Oral histories of Science, Technology and Medicine
The 2015 Annual Conference of the Oral History Society in conjunction with Royal Holloway University of London and the Oral History of British Science at the British Library, with support from the Wellcome Trust Royal Holloway, University of London, Egham, Surrey TW20 0EX, UK
10th July 2015 - 11th July 2015
Conference Scope
What can oral history and life story methodologies bring to the study of the history of science, technology and medicine? How have historians of science, technology and medicine made use of personal memory and narratives in their research? This conference will explore the theoretical and practical challenges of using oral history-based techniques in the broad areas of the histories of science, mathematics, engineering, technology and medicine, and welcomes contributions which use oral history to:
- Understand change in medicine and science
- Consider the links between organisational history and memory
- Juxtapose oral history with other historical sources
- Review the cultural interface between history, memory and technology
- Uncover personal reflections on technological and medical innovation and change
- Examine ways in which memory can be used to interpret and engage with wider public audiences about current scientific issues in, for example, biomedicine, the environment and lifestyle choices
The conference will bring into dialogue oral historians, historians of science, technology and medicine, medical sociologists, technologists, archivists, the scientific humanities, and heritage professionals working in museums, higher education, broadcasting and other media.

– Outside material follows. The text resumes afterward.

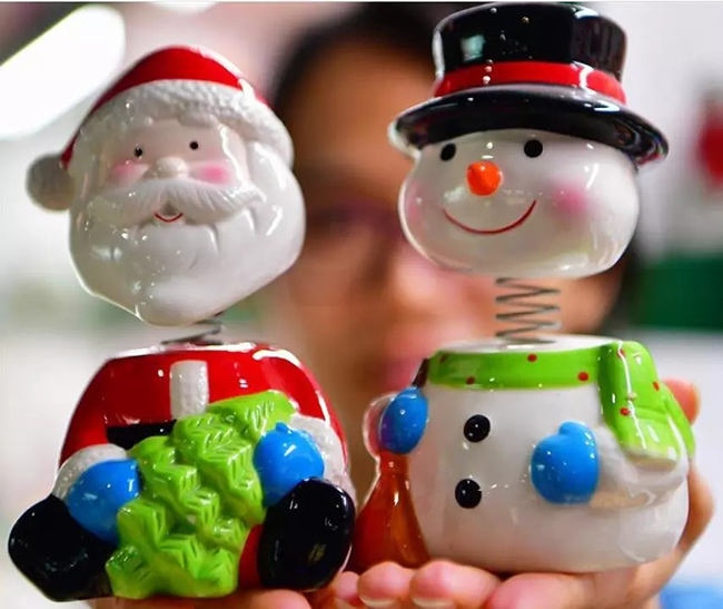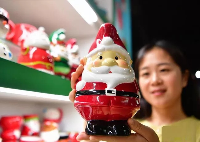 10月23日,德化顺美陶瓷有限公司的创作人员展示将出口到80多个国家和地区的圣诞节瓷器。

Full programme and registration available at
FRIDAY 10 JULY
09.30 Registration opens
10.00-11.00 Practical workshops (parallel sessions):
Oral History in Higher Education: Jenny Harding (London Metropolitan University)
Oral History and Archives Clinic: Rob Perks and Mary Stewart (British Library)
Oral History and Cutting-Edge Technology: Doug Boyd (University of Kentucky)
11.00-11.15 Tea/coffee
11.15-11.30 Welcome by Graham Smith, Royal Holloway, University of London
11.30-12.30 Opening Plenary
What’s special about oral histories of medicine?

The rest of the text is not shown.